Higo

Personal information
- Full name: Higo Seara Santos de Oliveira
- Date of birth: May 1, 1986 (age 39)
- Place of birth: Santa Luzia, Brazil
- Height: 1.75 m (5 ft 9 in)
- Position: Midfielder

Senior career*
- Years: Team / Apps / (Gls)
- 2003–2007: Chievo / 1 / (0)
- 2005: → Catania (loan) / 0 / (0)
- 2005–2006: → Bellaria Igea (loan) / 10 / (0)
- 2006: → Nocerina (loan) / 12 / (1)
- 2007: → Koper (loan) / 5 / (0)

= Higo (footballer) =

Brazilian footballer (born 1986)

Higo Seara Santos de Oliveira, commonly known simply as Higo (born 1 May 1986) is a Brazilian former football midfielder.

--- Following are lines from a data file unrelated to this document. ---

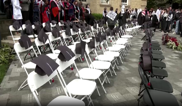 TORONTO, 4 Jun – Pelajar dan fakulti di Universiti Toronto mengadakan majlis memperingati rakyat Palestin yang terbunuh dalam serangan rejim Israel keatas negara itu, pada hari graduasi universiti itu.
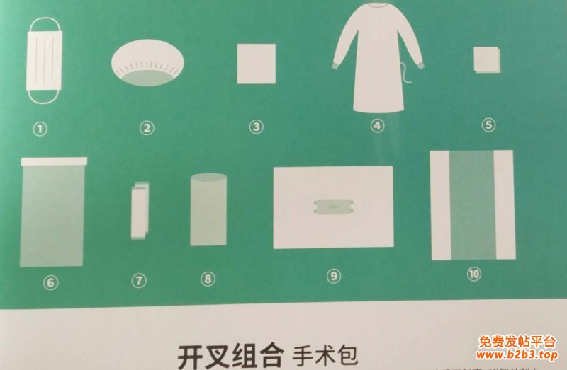 手术包配置:一次性使用医用口罩1个、一次性使用帽1个、擦手巾(40*38cm)8块、一次性使用手术衣3件、纱布块10块、器械盘套1条、备胶料(10*50cm)1条、医用防护罩(透明袋)1块、一次性使用手术洞巾1条、一次性使用包布1条
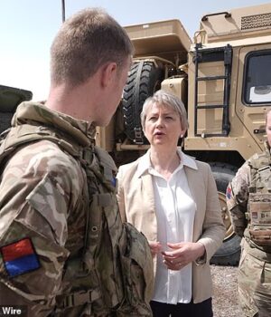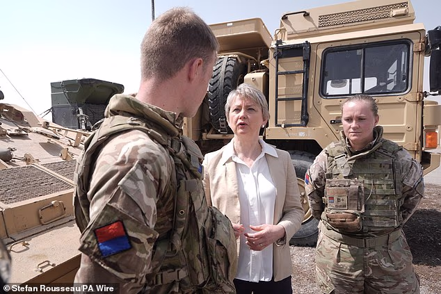 A secretária de Relações Exteriores Yvette Cooper durante uma visita a uma base militar britânica perto de Riad, Arábia Saudita, em 13 de março
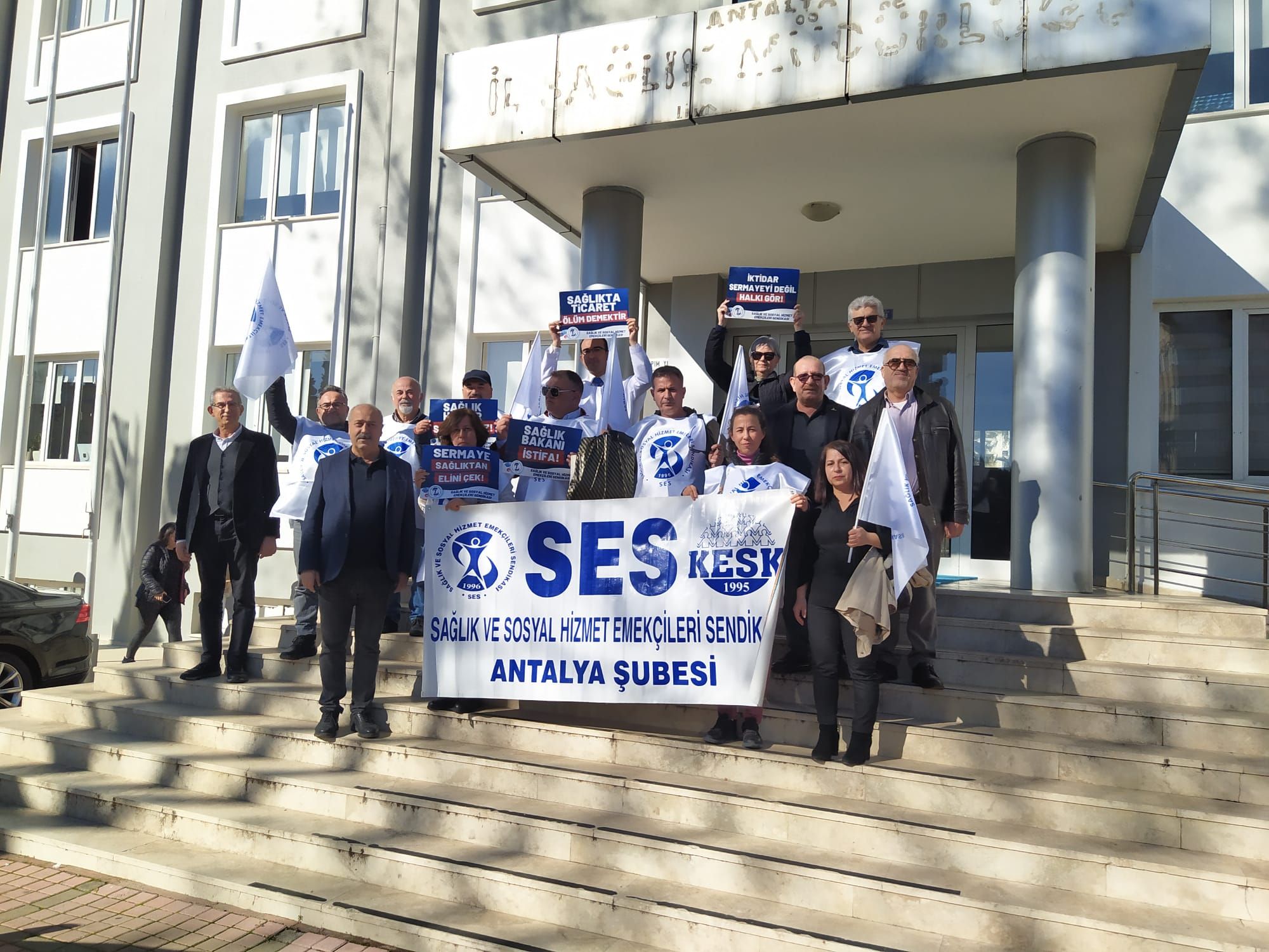 Basın açıklamasında konuşan Sağlık ve Sosyal Hizmet Emekçileri Sendikası (SES) Antalya Şubesi Eş Başkanı Şükran İçöz şunları ifade etti;

He usually played as a left winger.

In 2003, he signed with A.C. ChievoVerona and he debuted in the Serie A being only 17. In the following seasons he was member of Calcio Catania in the Serie B and A.C. Bellaria Igea Marina and A.S.G. Nocerina in the Serie C2. In the winter break of the 2006-07 season he moved to the neighbouring Slovenia playing half season with FC Koper playing in the First League.